Variable DC Power Supply Using LM317T With LED Indication Of Voltage Levels

Discussion in 'The Projects Forum' started by InnocentOfTheWorld, Apr 15, 2010.

  1. InnocentOfTheWorld

    Thread Starter Member

    Apr 15, 2010
    47
    1
    Hello Guys ... !

    I'm assigned to complete an electronics project named 'Variable DC Power Supply Using LM317T With LED Indication Of Voltage Levels' ...

    Max. Output: 15 VDC
    Max. Current: 1 Ampere
    IC Allowed: LM317T Only
    Output Range: 0V to 15V (In steps of 3V ... i.e. 0V, 3V, 6V, ... , 15V)

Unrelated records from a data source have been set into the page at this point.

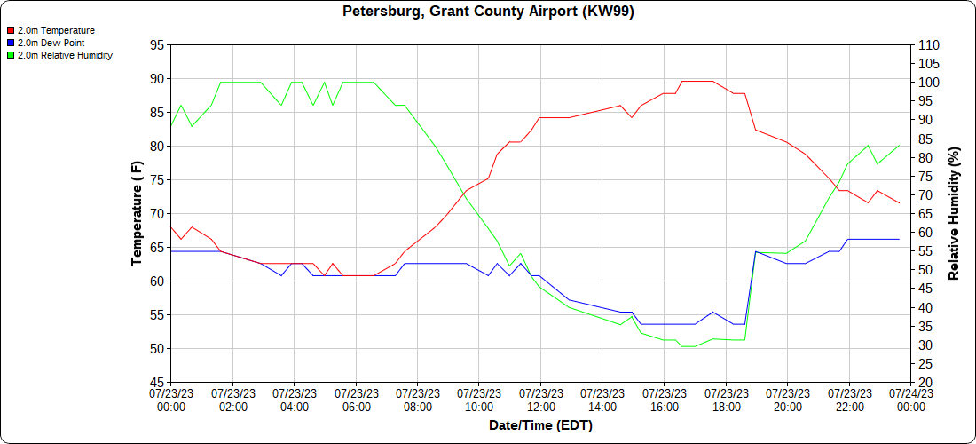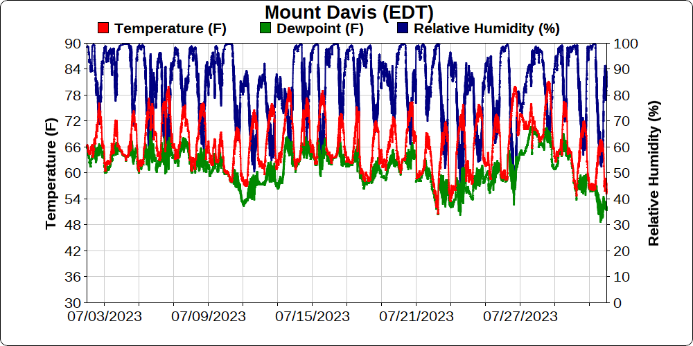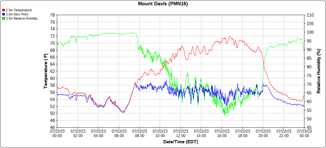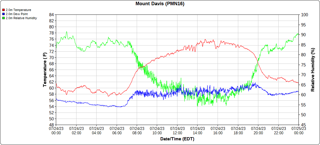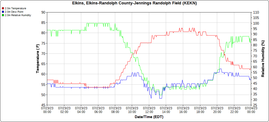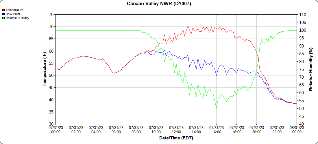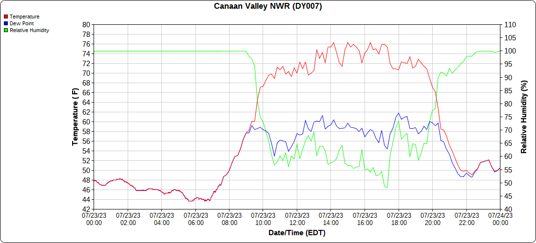 Dy007-Canaan Valley Refuge 3150′, Dy002-Cabin Mt at Bald Knob 4350′, Dy003-Cabin Mt-Western Sods 4035′, Dy004-Spruce Knob 4820′, Cvpw2-Climate Reference Network Canaan 3380′, KW99-Petersburg Grant County Airport 961, K2G4 Garrett County Airport 2933′, KCBE Cumberland Airport 774′, KEKN Elkins Airport 1985′, KMGW Morgantown Airport 1227′, PMN16-Mt.Davis 3038′, KDCA-Reagan National 15′, G1472 Snowshoe 4500′, F0183 Burkes Garden 3050′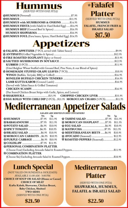 Salads and Appetizers: This section includes a selection of exotic Mediterranean side salads such as hummus, tahini salad, babaganoush, Moroccan eggplant, potato salad, and a range of other vegetable-based dishes. These are ideal for starters or accompanying main dishes.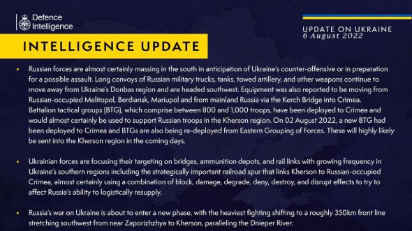 Согласно данным британской разведки на 4 августа, армия России пытается нанести удар по оборонным подразделениям Украины на трех направлениях – в Харьковской, Луганской и Донецкой областях. В то время как Вооруженные силы Украины контратакуют на Изюмском направлении.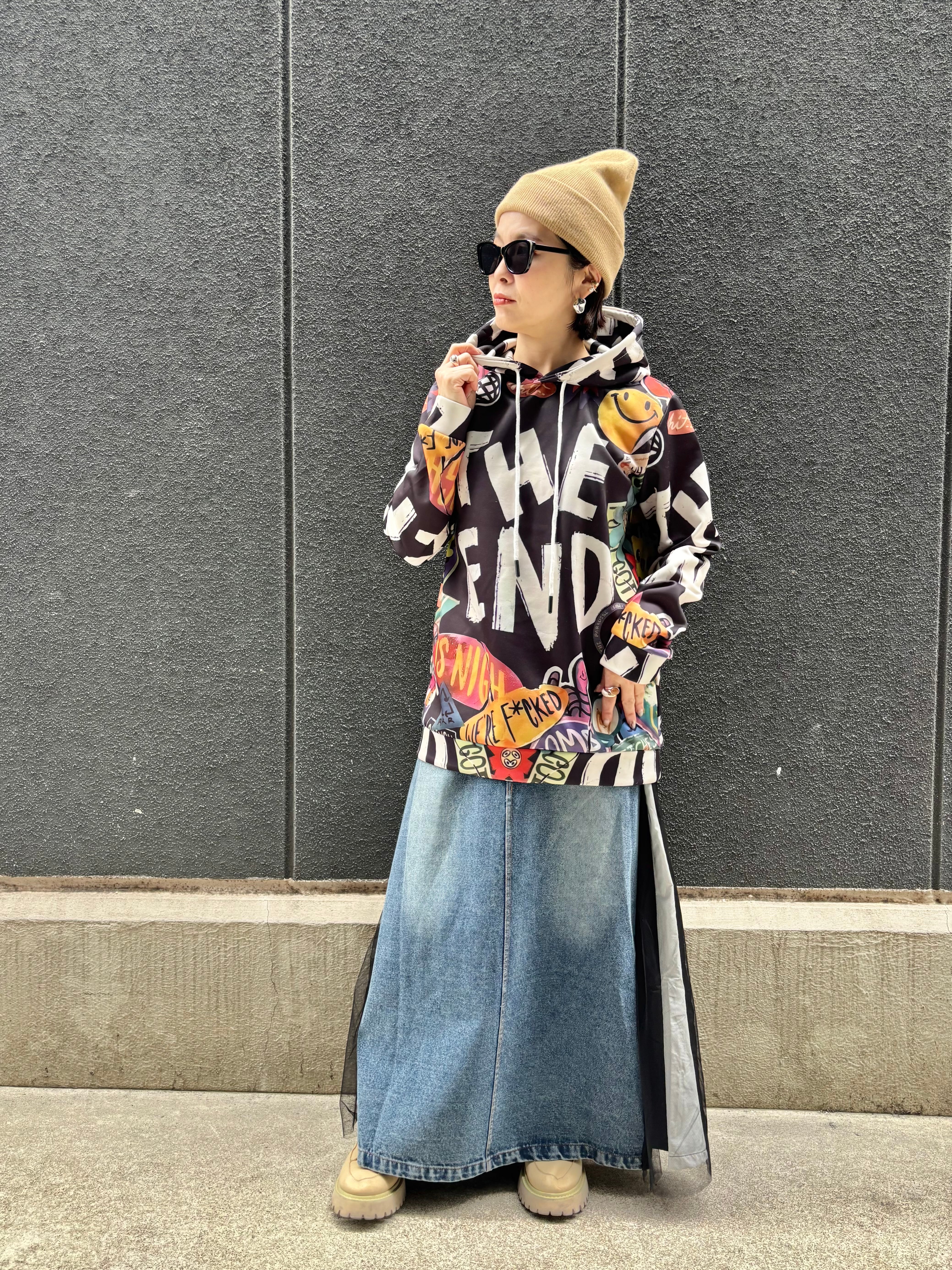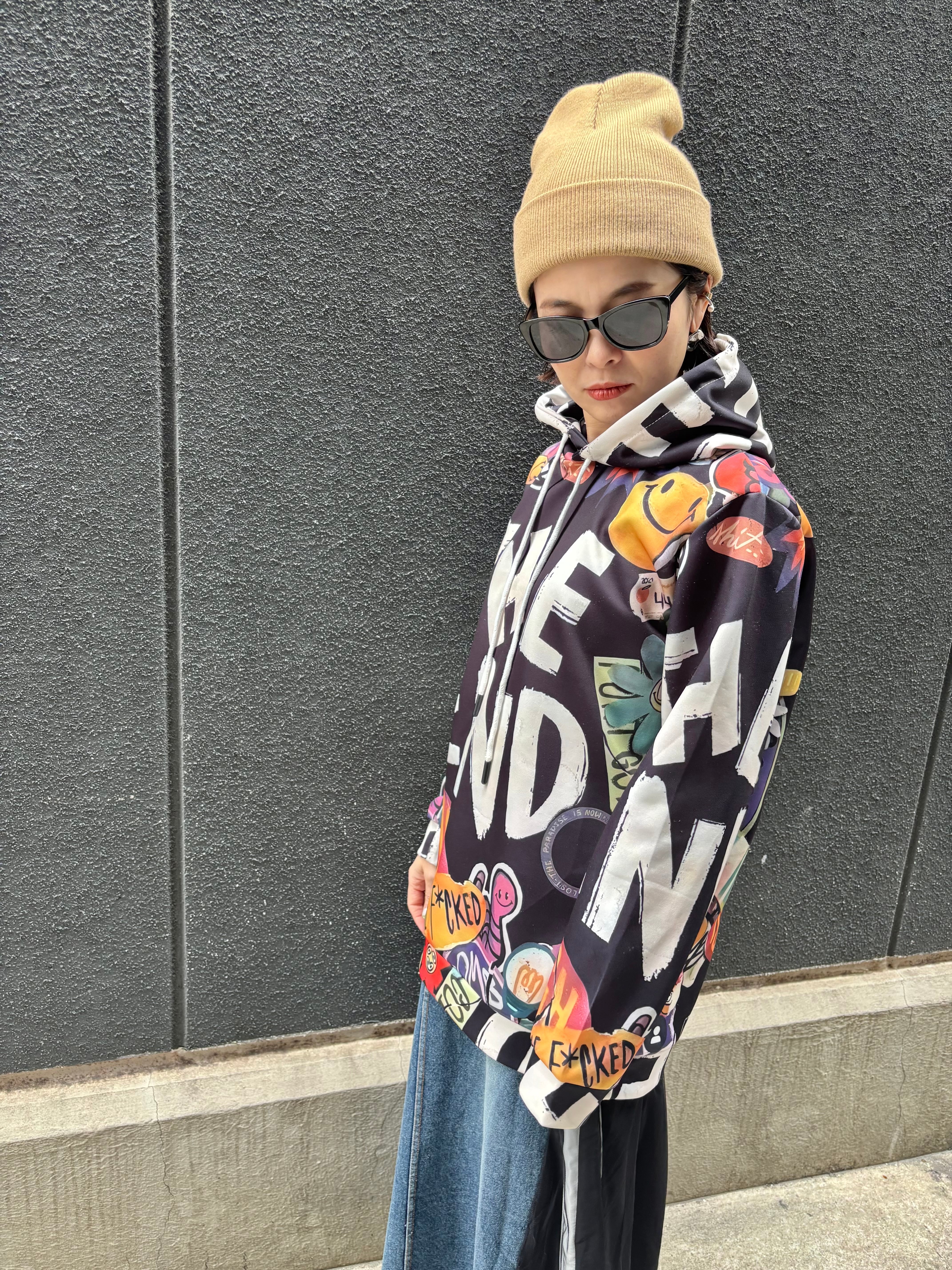 派手な総柄のフーディートップス!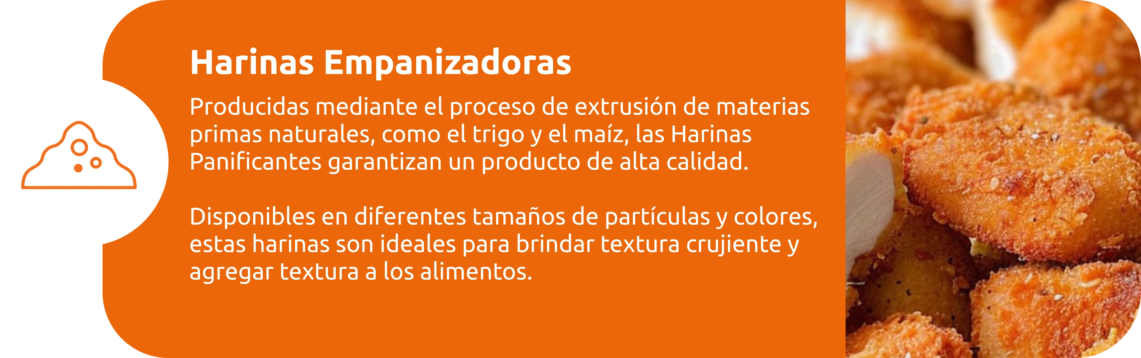 Producidas mediante el proceso de extrusión de materias primas naturales, como trigo y maíz, las Harinas para Empanizado garantizan un producto de alta calidad. Disponibles en diferentes granulometrías y colores, estas harinas son ideales para aportar crocancia y agregar textura a los alimentos.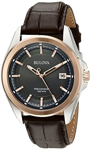 -. Feature : Stainless steel screw-back case in silver-tone and rose gold-tone finish and gunmetal grey dial, flat mineral glass / Powered by Bulova's proP.R.Ietary, high-performance UHF quartz movement, with a vibrational frequency of 262kHz-eight times greater than a standard quartz movement for unparalleled accuracy / Quartz Movement / Case Diameter: 43mm / Water Resistant To 100m (330ft): In General, Suitable for Swimming and Snorkeling, but not Diving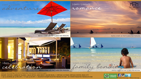 Got some great news for all of you! The District Boracay is bringing back its exciting Adventure, Romance, Celebration and Family Bonding packages which will be valid from June to September 2014!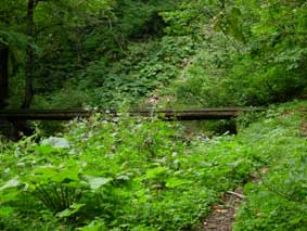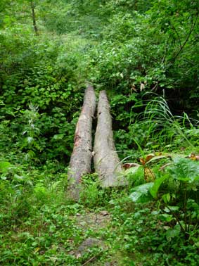 7:45 標高520m 林道終点出発 丸太橋です。沢に丸太2本が架かっていますが,ここは渡らないほうがよいです。 少し下の駐車スペースの所から,渡渉して進んだ方がよいです。こちらのほうに道がしっかり付いています。 |

    Using a transformer of 220/24 VAC (1 Ampere), I stepped down the input ac voltages ...

    Using 4 diodes (1N4007), I successfully rectified ac input signal ...

    What should be the value of filter capacitor, if the maximum voltage required at output is 15 VDC and maximum current allowed is 1 Ampere ... ?

    I've used a capacitor of 1000 uF/50 V, it works fine, if I'm using 15 VDC at output and using a maximum of 100 mA current ... Would it work fine if current at output is 1 A ... ?

    My LM317T is working fine ... I've regulated voltages required at output ... (Remember my output is: 0V, 3V, 6V, 9V, 12V, 15V ...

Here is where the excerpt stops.